• [PROBLEM]: Could you restate, exactly and with nothing added, the lines from the start of the data through the line that holds "Preparado con morrón", leaving the pictures out?

Dataset items:

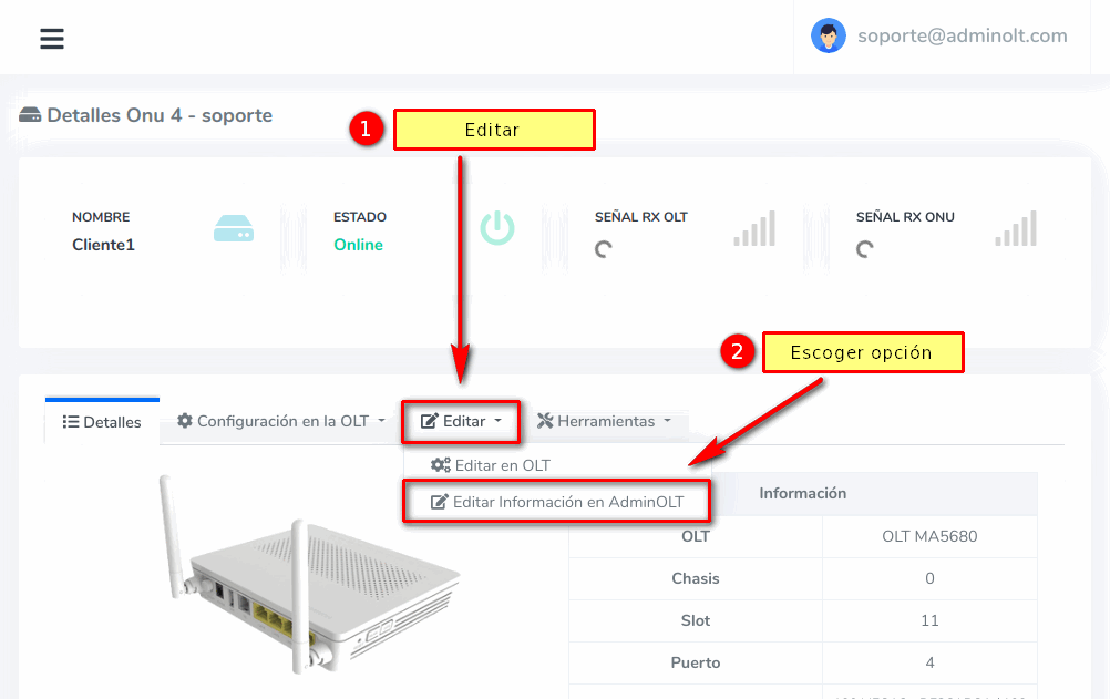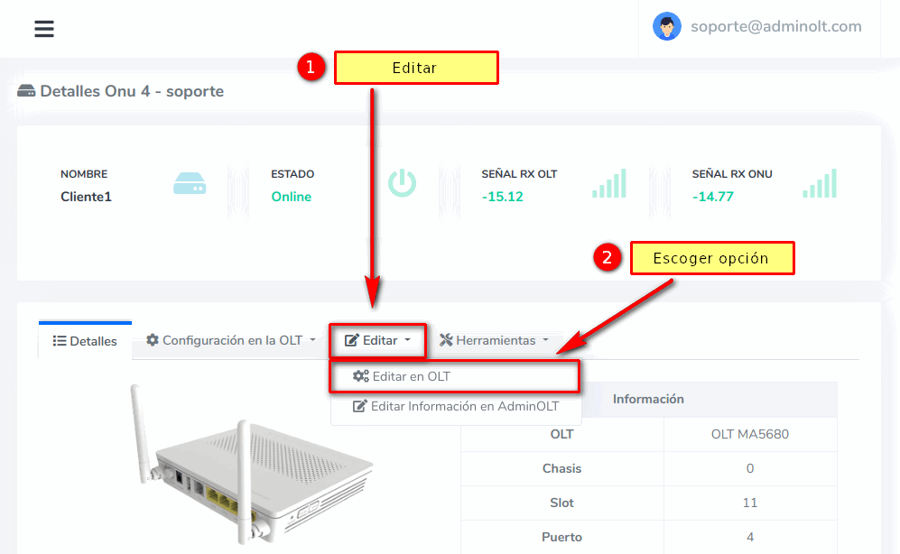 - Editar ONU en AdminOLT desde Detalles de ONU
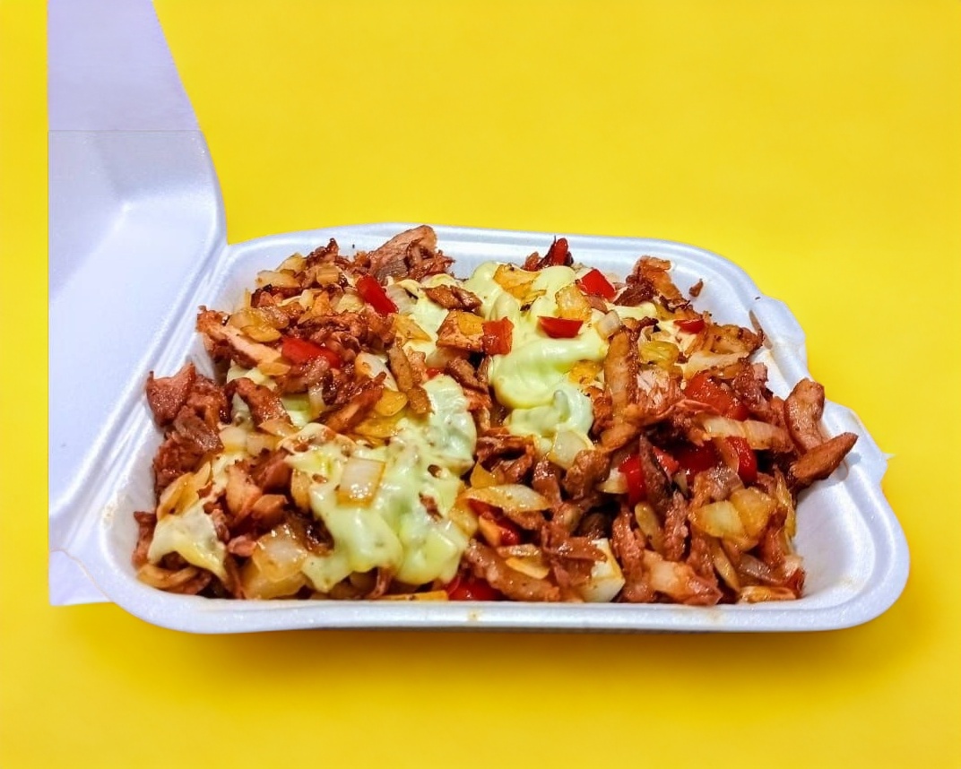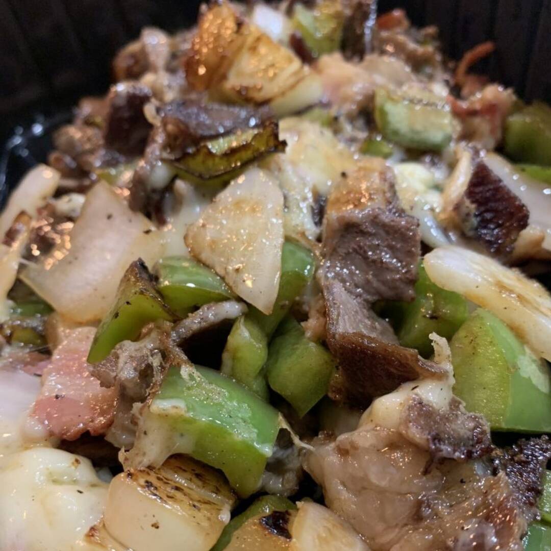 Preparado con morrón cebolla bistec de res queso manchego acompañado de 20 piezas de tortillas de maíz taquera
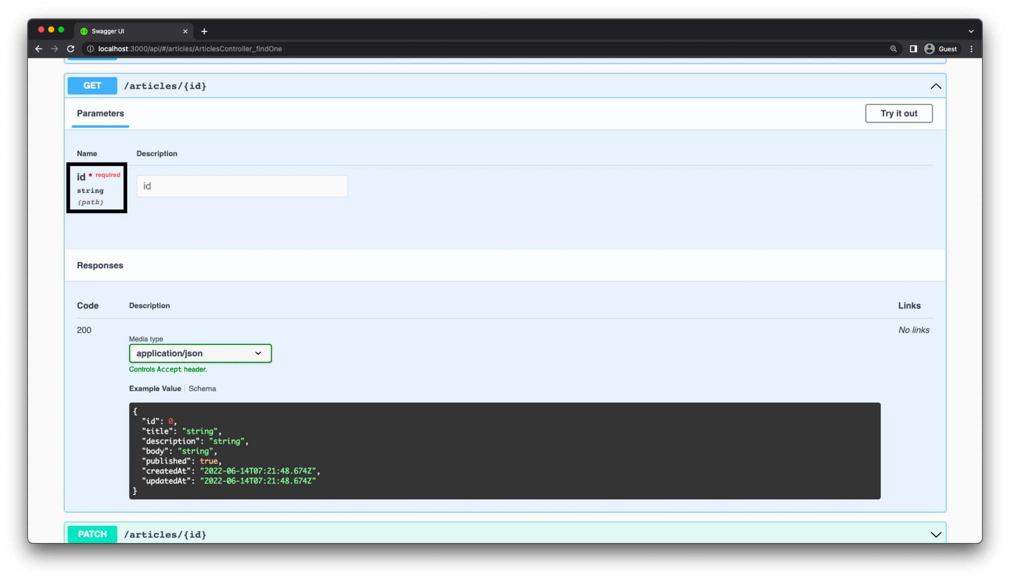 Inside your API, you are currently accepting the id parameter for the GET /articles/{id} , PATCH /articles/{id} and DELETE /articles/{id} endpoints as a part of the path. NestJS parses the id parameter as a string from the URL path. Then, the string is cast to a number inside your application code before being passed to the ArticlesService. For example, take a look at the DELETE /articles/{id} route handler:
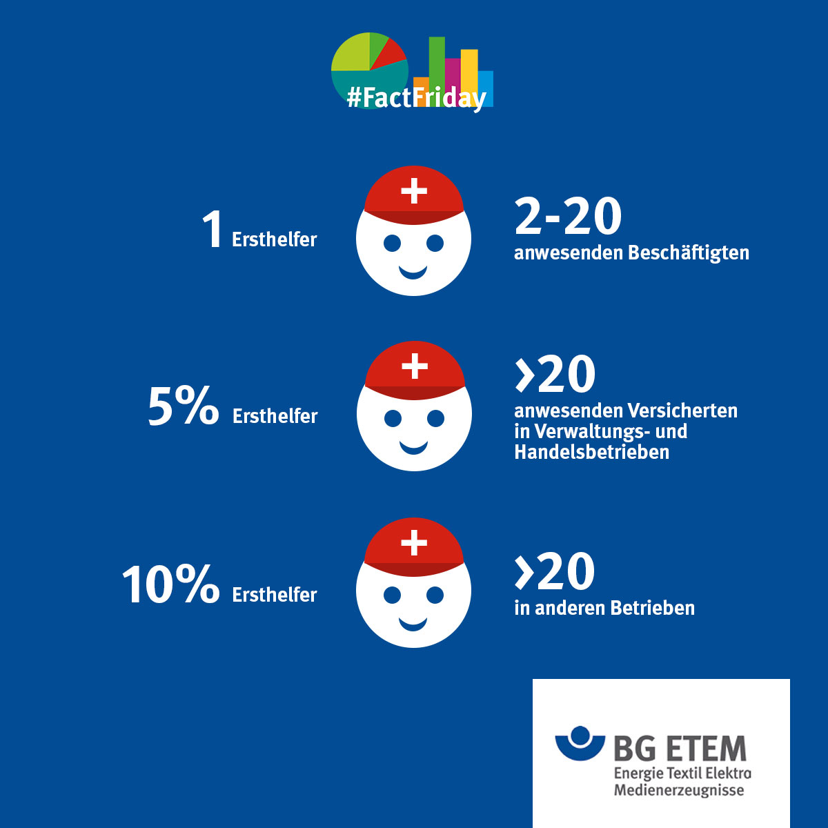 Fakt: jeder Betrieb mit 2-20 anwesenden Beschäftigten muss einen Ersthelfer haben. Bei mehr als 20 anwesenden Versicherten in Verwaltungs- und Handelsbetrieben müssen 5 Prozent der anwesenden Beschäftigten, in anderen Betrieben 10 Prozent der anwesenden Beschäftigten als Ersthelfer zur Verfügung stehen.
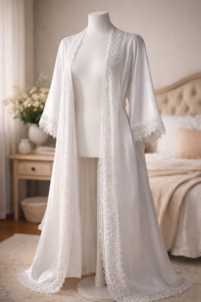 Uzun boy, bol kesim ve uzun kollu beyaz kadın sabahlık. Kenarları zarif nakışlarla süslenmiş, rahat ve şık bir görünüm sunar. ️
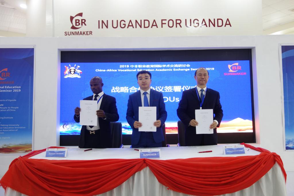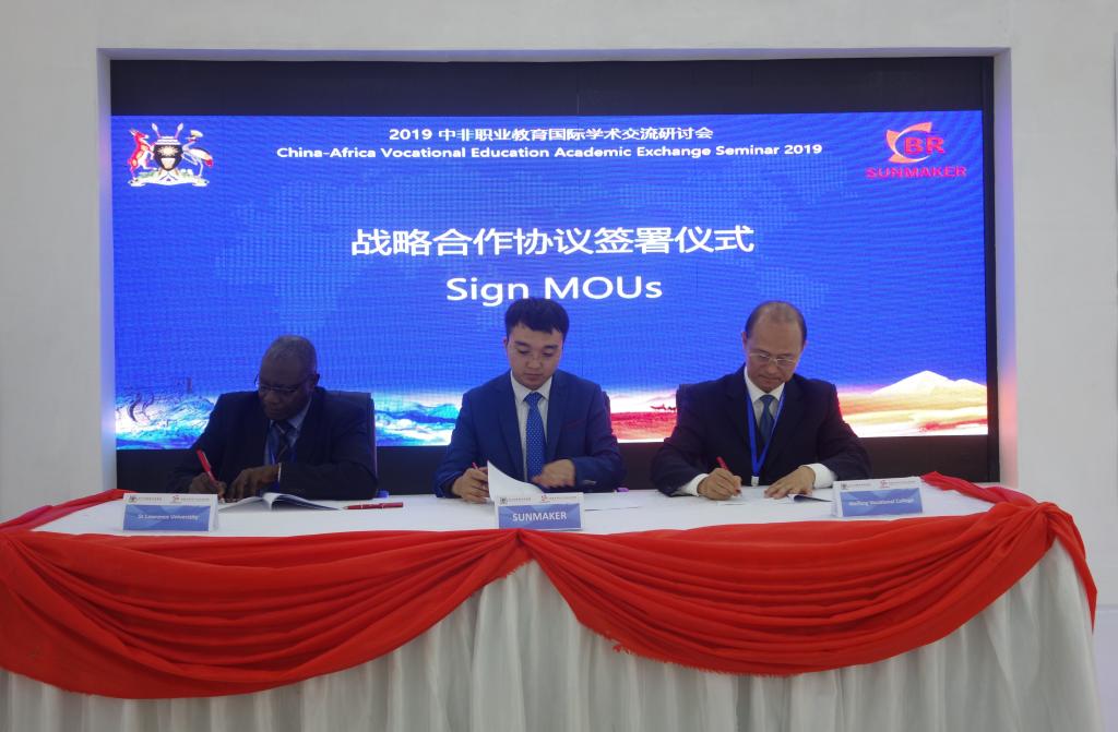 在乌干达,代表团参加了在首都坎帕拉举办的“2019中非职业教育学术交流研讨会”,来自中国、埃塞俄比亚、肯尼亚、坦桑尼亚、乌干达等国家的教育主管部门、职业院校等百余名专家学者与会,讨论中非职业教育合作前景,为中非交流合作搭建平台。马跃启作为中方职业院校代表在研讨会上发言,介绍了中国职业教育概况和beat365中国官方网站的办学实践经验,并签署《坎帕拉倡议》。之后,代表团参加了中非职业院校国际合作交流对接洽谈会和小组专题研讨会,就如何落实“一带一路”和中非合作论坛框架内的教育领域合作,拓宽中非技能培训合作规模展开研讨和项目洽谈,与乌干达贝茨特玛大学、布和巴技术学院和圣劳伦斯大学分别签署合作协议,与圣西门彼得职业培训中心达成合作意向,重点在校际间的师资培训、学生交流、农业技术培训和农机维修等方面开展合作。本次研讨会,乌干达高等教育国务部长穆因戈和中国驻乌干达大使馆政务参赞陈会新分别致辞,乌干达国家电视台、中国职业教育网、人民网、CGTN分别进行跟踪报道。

• [SOLVED PROBLEM]:
 - Editar ONU en AdminOLT desde Detalles de ONU
 Preparado con morrón cebolla bistec de res queso manchego acompañado de 20 piezas de tortillas de maíz taquera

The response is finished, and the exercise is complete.